Provided information:
_ _ _ _

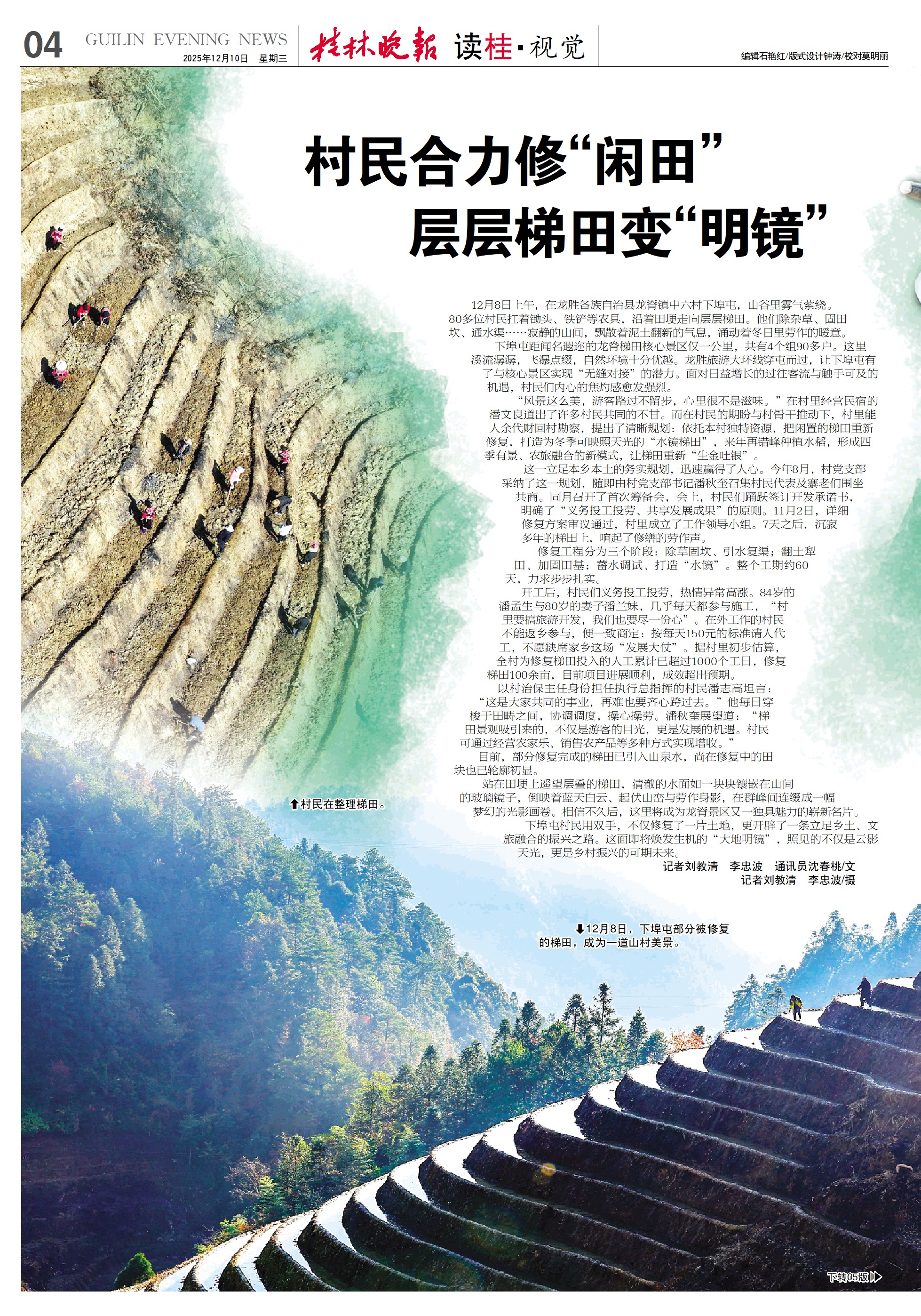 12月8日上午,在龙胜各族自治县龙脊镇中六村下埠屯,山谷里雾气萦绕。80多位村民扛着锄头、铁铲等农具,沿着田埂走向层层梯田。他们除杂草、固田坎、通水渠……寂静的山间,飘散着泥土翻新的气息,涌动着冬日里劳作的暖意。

_ _ _ _

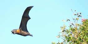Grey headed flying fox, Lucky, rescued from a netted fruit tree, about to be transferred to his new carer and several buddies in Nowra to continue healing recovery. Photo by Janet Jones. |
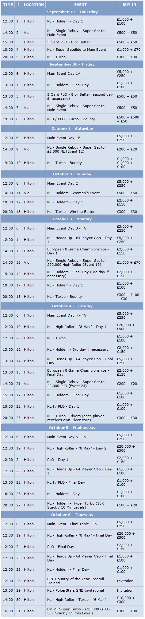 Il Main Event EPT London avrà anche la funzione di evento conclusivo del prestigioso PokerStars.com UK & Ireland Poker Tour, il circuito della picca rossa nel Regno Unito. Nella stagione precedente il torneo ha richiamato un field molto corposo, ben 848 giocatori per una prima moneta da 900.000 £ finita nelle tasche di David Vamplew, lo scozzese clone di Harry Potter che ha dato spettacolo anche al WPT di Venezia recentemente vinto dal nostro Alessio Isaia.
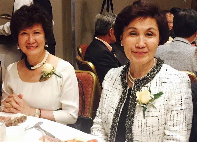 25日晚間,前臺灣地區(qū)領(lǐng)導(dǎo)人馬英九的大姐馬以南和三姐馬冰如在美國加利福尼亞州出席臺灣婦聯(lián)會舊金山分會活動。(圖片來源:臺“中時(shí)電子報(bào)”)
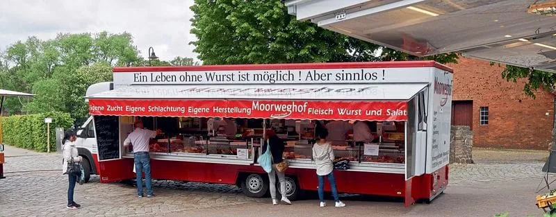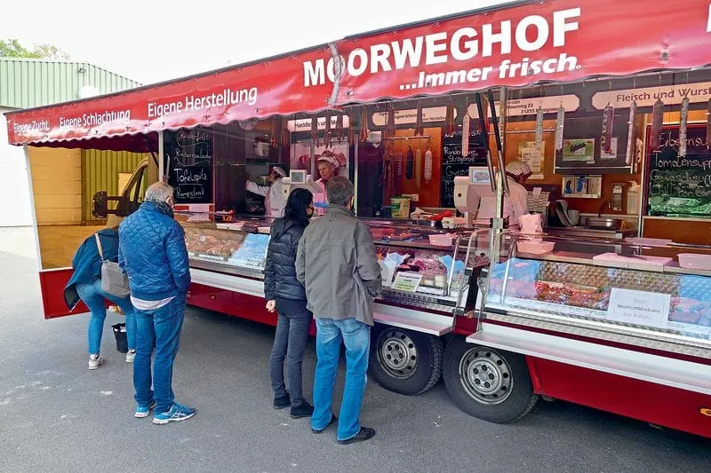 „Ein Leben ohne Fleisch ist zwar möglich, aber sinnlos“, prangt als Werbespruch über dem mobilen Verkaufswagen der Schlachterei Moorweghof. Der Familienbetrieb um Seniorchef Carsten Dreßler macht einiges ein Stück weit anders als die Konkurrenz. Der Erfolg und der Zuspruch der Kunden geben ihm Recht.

_ _ _ _

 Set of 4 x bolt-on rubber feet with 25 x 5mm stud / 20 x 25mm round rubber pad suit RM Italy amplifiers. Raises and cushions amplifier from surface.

_ _ _ _

Directions for this task:
Only the lines above from the one containing "Il Main Event" through the one containing "geben ihm Recht." should be returned, verbatim and inclusive, with pictures excluded.

Task solution:
 Il Main Event EPT London avrà anche la funzione di evento conclusivo del prestigioso PokerStars.com UK & Ireland Poker Tour, il circuito della picca rossa nel Regno Unito. Nella stagione precedente il torneo ha richiamato un field molto corposo, ben 848 giocatori per una prima moneta da 900.000 £ finita nelle tasche di David Vamplew, lo scozzese clone di Harry Potter che ha dato spettacolo anche al WPT di Venezia recentemente vinto dal nostro Alessio Isaia.
 25日晚間,前臺灣地區(qū)領(lǐng)導(dǎo)人馬英九的大姐馬以南和三姐馬冰如在美國加利福尼亞州出席臺灣婦聯(lián)會舊金山分會活動。(圖片來源:臺“中時(shí)電子報(bào)”)
 „Ein Leben ohne Fleisch ist zwar möglich, aber sinnlos“, prangt als Werbespruch über dem mobilen Verkaufswagen der Schlachterei Moorweghof. Der Familienbetrieb um Seniorchef Carsten Dreßler macht einiges ein Stück weit anders als die Konkurrenz. Der Erfolg und der Zuspruch der Kunden geben ihm Recht.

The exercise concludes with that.